Zoom was amongst the companies that rode on the lockdown enactments of the coronavirus pandemic to boost its business model. The company inked its biggest market valuation in 2020 in the heat of the pandemic with its capitalization topping $159 billion in October of the same year.
The stock of Zoom Video Communications Inc (NASDAQ: ZM) plunged in the Pre-market by as much as 4.65% following a disappointing forecast for the current fiscal year. Zoom Video Communications, known for its cloud-based videotelephony and online chat services reported its fourth-quarter and fiscal year ended January 31, 2022, in which it reported Q4 revenue of $1.071 billion, up 21% year-over-year.
The revenue for the full year came in at $4.099 billion, up 55% when compared to the same period in prior year. While the fourth quarter GAAP income from operations was pegged at $251.8 million, down 2% year over year, the full fiscal year GAAP income from operations came in at $1.0636 billion, up 61% year over year.
The company’s performance extended to its subscribers as the Year-end number of customers contributing more than $100,000 in the trailing 12 months revenue came in at 2,725, up approximately 66% year over year.

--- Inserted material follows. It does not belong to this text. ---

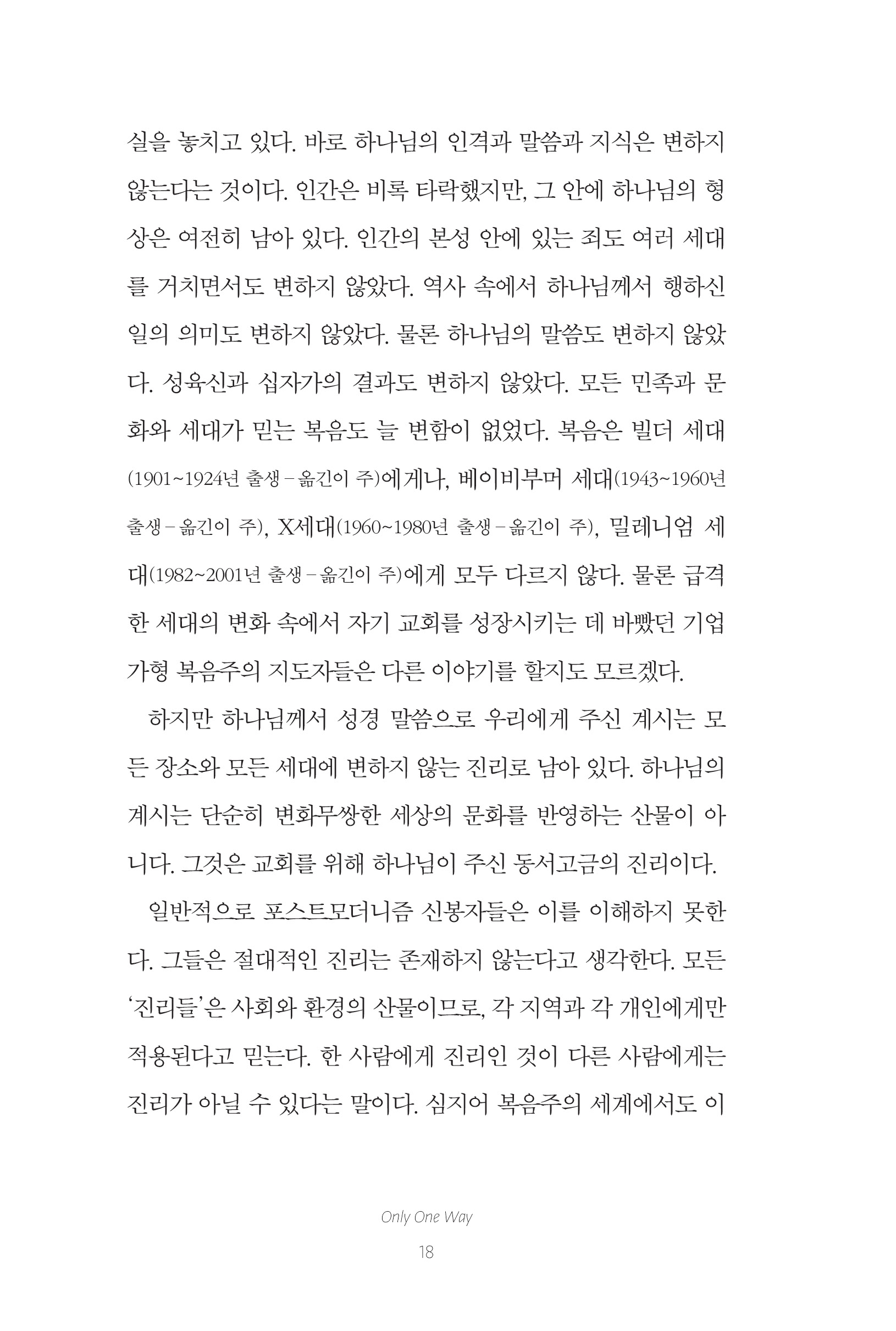 그러나 복음을 담대히 전하는 것이야말로 이 시대에 꼭 필요한 일이다. 여기 일곱 명의 유명한 신학자들이 포스트모더니즘의 한계를 밝히고, 우리가 자신감을 가져야 할 이유를 알려준다. 이들이 말하는 ‘유일한 진리’, ‘복음’을 가지고 당당히 일어설 준비가 됐는가?

“In fiscal year 2022, we delivered strong results with total revenue of more than $4 billion growing 55% year over year along with increased profitability and operating cash flow growth as our global customer base continued to grow and find new use cases for our broadening communications platform,” said Zoom founder and CEO, Eric S. Yuan. “Looking forward, we are addressing a large opportunity as we expect customers will continue to transform how they work and engage with their customers. It is apparent that businesses want a full communications platform that is integrated, secure, and easy to use.”
Zoom’s performance in terms of its operational capabilities also shows in the Net Cash Flow generated by operating activities came in at $1.6053 billion for the fiscal year, compared to $1.4712 billion for the fiscal year 2021.
Other Highlights and Impact of Future Forecast on ZM Stock
Zoom was amongst the companies that rode on the lockdown enactments of the coronavirus pandemic to boost its business model. The company notably inked its biggest market valuation in 2020 in the heat of the pandemic with its capitalization topping $159 billion in October of the same year.
However, the recovery of most companies and the return of employees to the workplace has placed some forms of regression to the company’s growth tracks. In the latest performance report, the company said it has approximately 509,800 customers with more than 10 employees, a figure that is up approximately 9% from the same quarter last fiscal year. Despite this impressive customer metric, the figure is still down from the 512,100 inked back in October.
In the wake of being open to reality, Zoom is not overly optimistic about the current quarter and the current full-year financial guidance. By giving a conservative forecast, investors lost confidence, selling ZM Stock at such as fast pace that lead to the drop in the Pre-Market. initially rose as high as 13% before finally cresting at the current position it is in.